● About this exercise: Omit all pictures. Reproduce exactly the lines from the first line of the records below through the line with "පණිවිඩයෙන් කියා තිබේ.".

● Excerpts from a dataset:
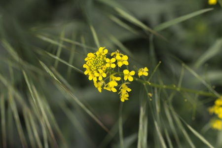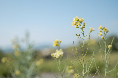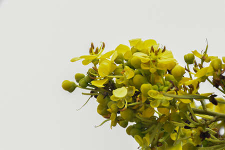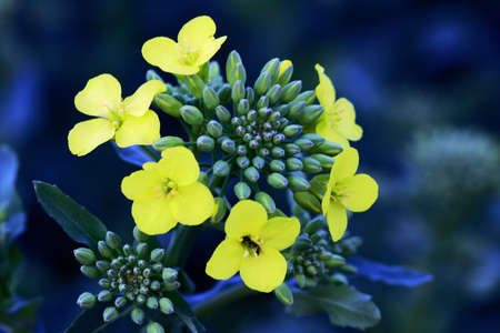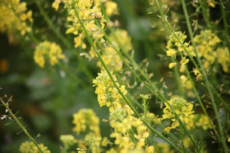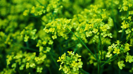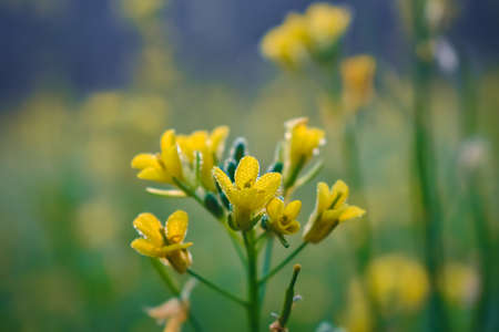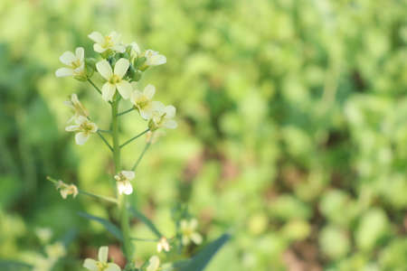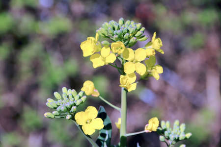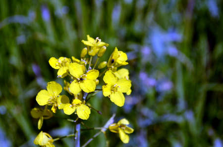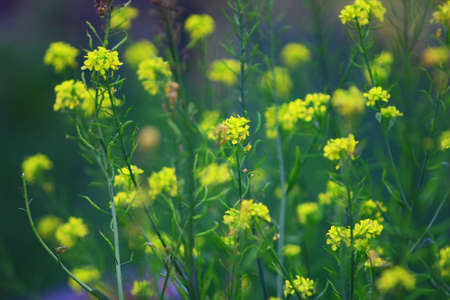 Yellow flowers of turnips with the background out of focus. Copy space.
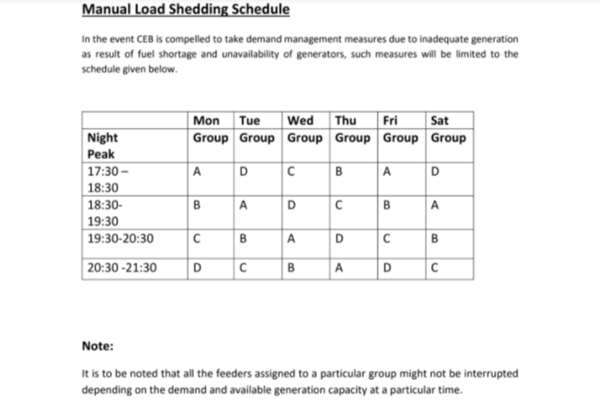 இதன் பின்னணியிலேயே, திட்டமிடப்பட்ட மின்வெட்டு தொடர்பான அட்டவணையை இலங்கை மின்சார சபை (CEB) தனது உத்தியோகபூர்வ இணையத்தளத்தில் வெளியிட்டுள்ளது.
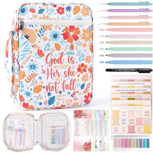 XKDOUS Bible Cover Case for Women 24 Pcs Bible Bags Kit w/Bible Accessories Study Supplies Carrying Book Case with Strap Large Church Book Holder Christmas Gifts for Lady
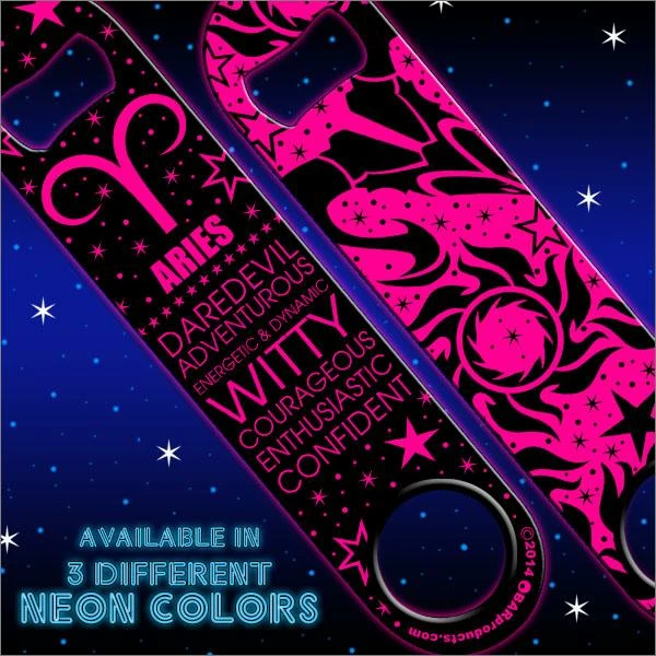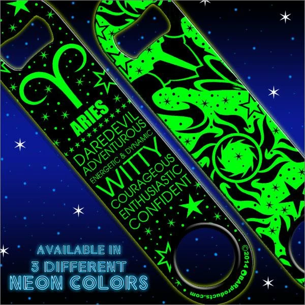 Whatโs your sign and what does it say about you? We have created a line of NEON Zodiac Sign Speed Bottle Openers you are sure to love. Each of the 12 designs are available on 3 different colored neon openersโฆ Green, Yellow and Pink. They feature all symbols relevant to your astrological birth sign, as well as your characteristics. These bottle openers glow vibrantly under black lighting for the added โspace-likeโ effect.
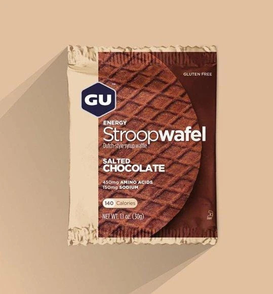 The GU Salted Chocolate Stroopwaffel Bar is light on the stomach and easy to digest before or during activity.Â
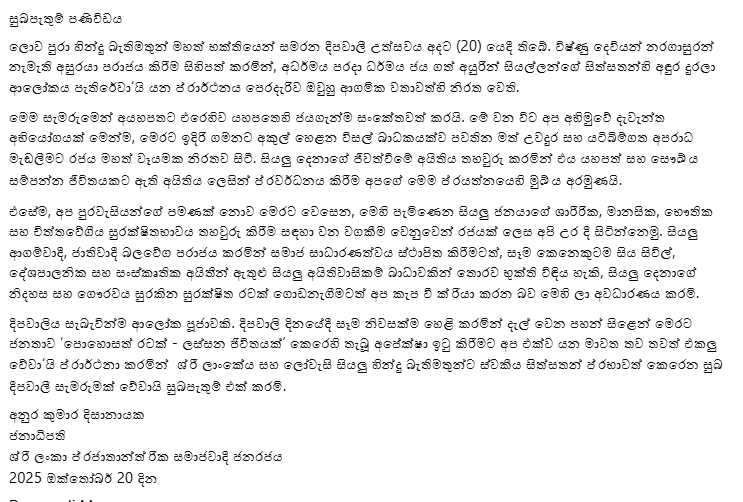 ‘පොහොසත් රටක් – ලස්සන ජීවිතයක්’ කෙරෙහි ජනතාව තැබූ අපේක්ෂාව ඉටු කිරීමට අප එක්ව යන මාවත දීපවාලි දිනයේ නිවෙස්වල දැල්වෙන පහන් සිළෙන් තව තවත් එකලු වේවායි ජනාධිපති අනුර කුමාර දිසානායක මහතා සිය දීපවාලි දින පණිවිඩයෙන් කියා තිබේ.
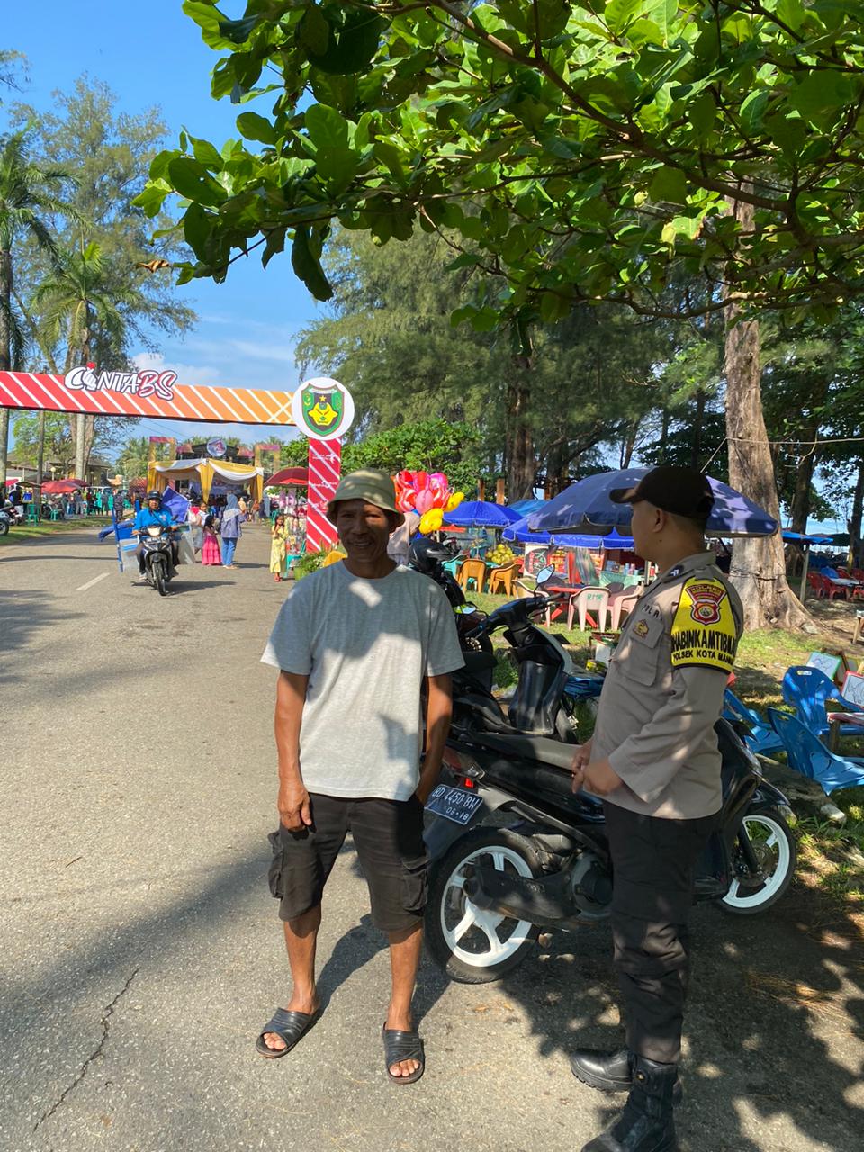 Bengkulu Selatan, - Tingkatkan pelayanan kepada masyarakat Bhabinkamtibmas Polsek Kota Manna Polres Bengkulu Selatan Polda Bengkulu, Bripka Guntur Zulkan S.H., dan Briptu Egi Feroza A, sambangi pedagang dan wisatawan di objek wisata pantai Pasar Bawah Manna Bengkulu Selatan, Minggu (12/06/23).
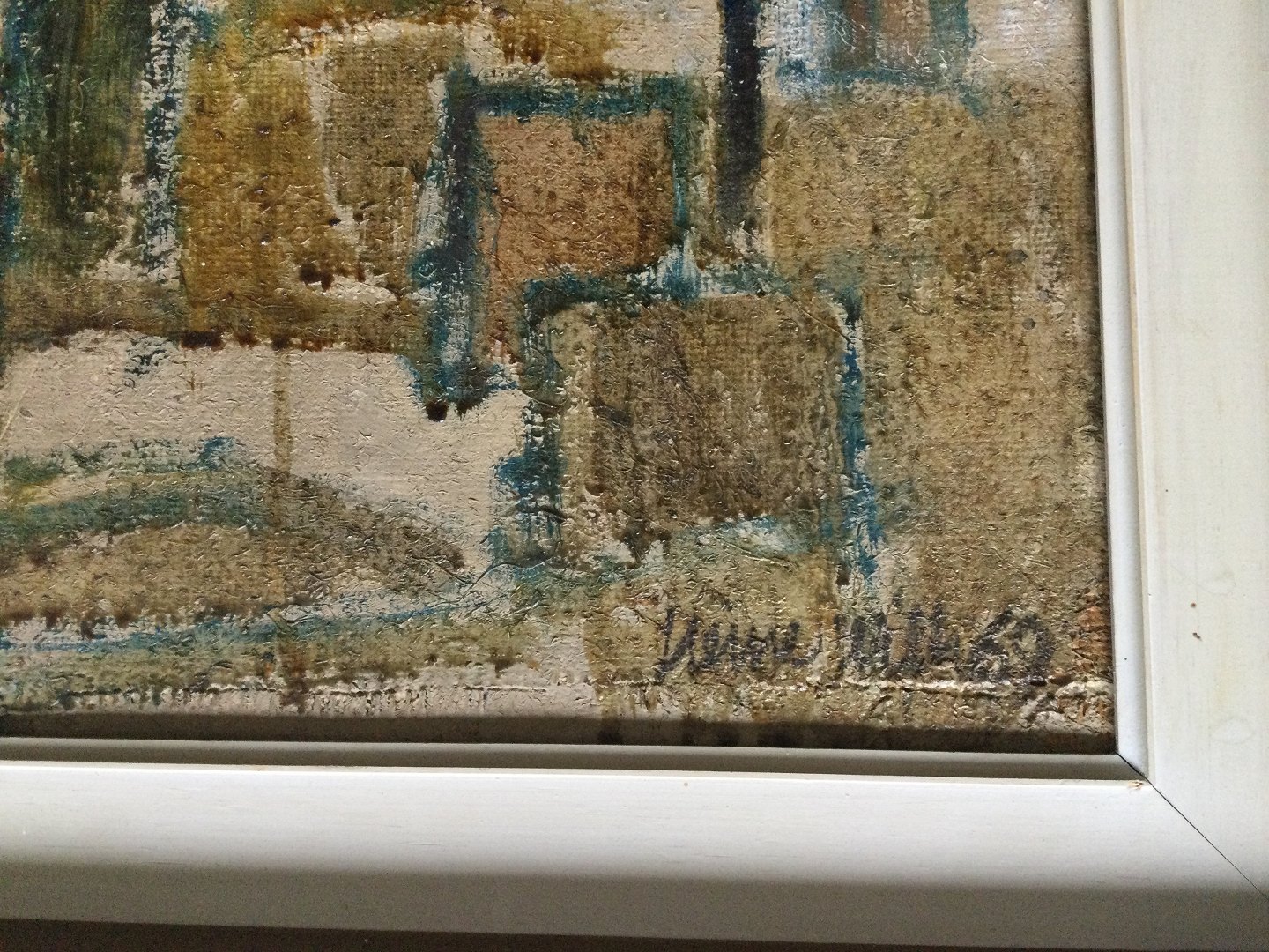 Text available in Danish: Maleri af Heine Vilhelm Larsen - Vigerslev Kirke på Fyn 1969.
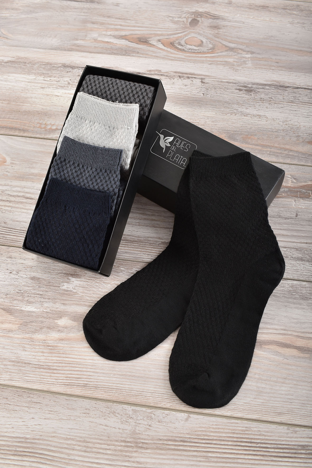 Medias Aves del Plata™ Caja 5 Pares: Gris, Gris Oscuro, Blanco, Negro, Azul, Encaje de Costado.
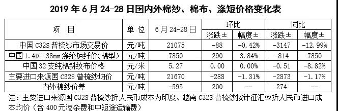 本周,受市場(chǎng)等待G20峰會(huì)中美兩國(guó)元首會(huì)晤,以及美國(guó)棉花實(shí)播面積低于意向面積影響,國(guó)際棉價(jià)偏強(qiáng)振蕩為主。2019年6月24-27日,紐約棉花期貨主力合約結(jié)算價(jià)66.08美分/磅,較上周上漲0.52美分/磅,漲幅0.79%,代表進(jìn)口棉中國(guó)主港到岸均價(jià)的國(guó)際棉花指數(shù)(M)77.29美分/磅,較上周上漲0.14美分/磅,漲幅0.18%,折人民幣進(jìn)口成本13278元/噸,較上周上漲24元/噸,漲幅0.18%;內(nèi)外棉價(jià)差946元/噸,較上周持平。(詳見附件1)
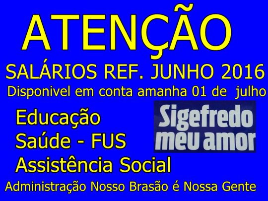Nesta quinta-feira, a prefeitura divulgou na sua página na rede social facebook que os salários referente ao mês de junho já foram creditados nas contas dos servidores.
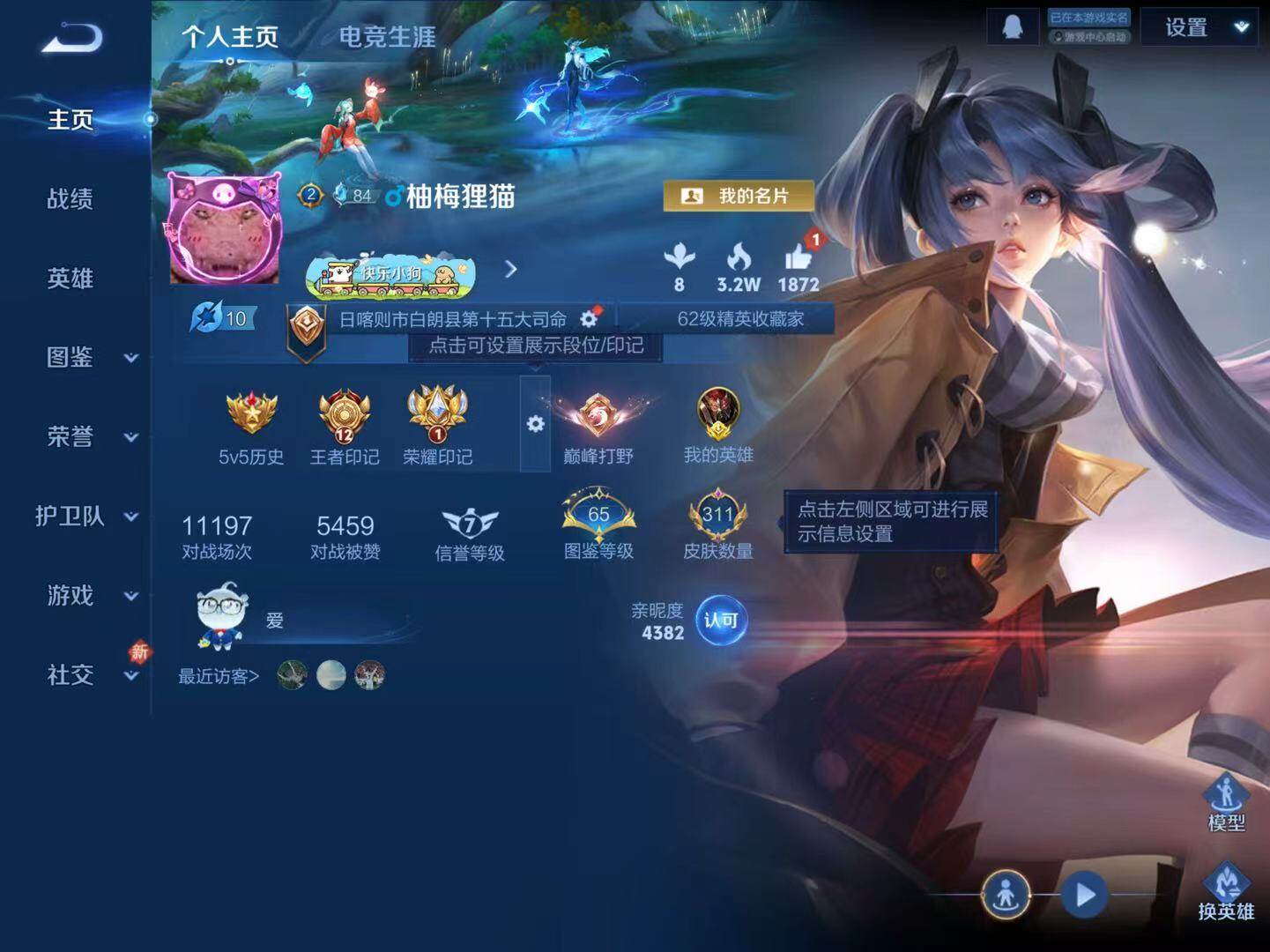 - PX_2100581-实名: 可修改 贵族等级: V7 英雄数: 124 皮肤数: 243 荣耀水晶: 九霄神辉 传说皮: 黄金狮子座,云鹰飞将,一念神魔,零号·赤焰,山海·炽霜斩 限定皮: 遇见飞天,李小龙,奔雷神使,游园惊梦,梁祝,时雨天司,逐梦之音,至尊宝,霸王别姬-虞姬,五谷丰年,山海·玄木吟,逐霄战戟

● Completed task:
 Yellow flowers of turnips with the background out of focus. Copy space.
 இதன் பின்னணியிலேயே, திட்டமிடப்பட்ட மின்வெட்டு தொடர்பான அட்டவணையை இலங்கை மின்சார சபை (CEB) தனது உத்தியோகபூர்வ இணையத்தளத்தில் வெளியிட்டுள்ளது.
 XKDOUS Bible Cover Case for Women 24 Pcs Bible Bags Kit w/Bible Accessories Study Supplies Carrying Book Case with Strap Large Church Book Holder Christmas Gifts for Lady
 Whatโs your sign and what does it say about you? We have created a line of NEON Zodiac Sign Speed Bottle Openers you are sure to love. Each of the 12 designs are available on 3 different colored neon openersโฆ Green, Yellow and Pink. They feature all symbols relevant to your astrological birth sign, as well as your characteristics. These bottle openers glow vibrantly under black lighting for the added โspace-likeโ effect.
 The GU Salted Chocolate Stroopwaffel Bar is light on the stomach and easy to digest before or during activity.Â
 ‘පොහොසත් රටක් – ලස්සන ජීවිතයක්’ කෙරෙහි ජනතාව තැබූ අපේක්ෂාව ඉටු කිරීමට අප එක්ව යන මාවත දීපවාලි දිනයේ නිවෙස්වල දැල්වෙන පහන් සිළෙන් තව තවත් එකලු වේවායි ජනාධිපති අනුර කුමාර දිසානායක මහතා සිය දීපවාලි දින පණිවිඩයෙන් කියා තිබේ.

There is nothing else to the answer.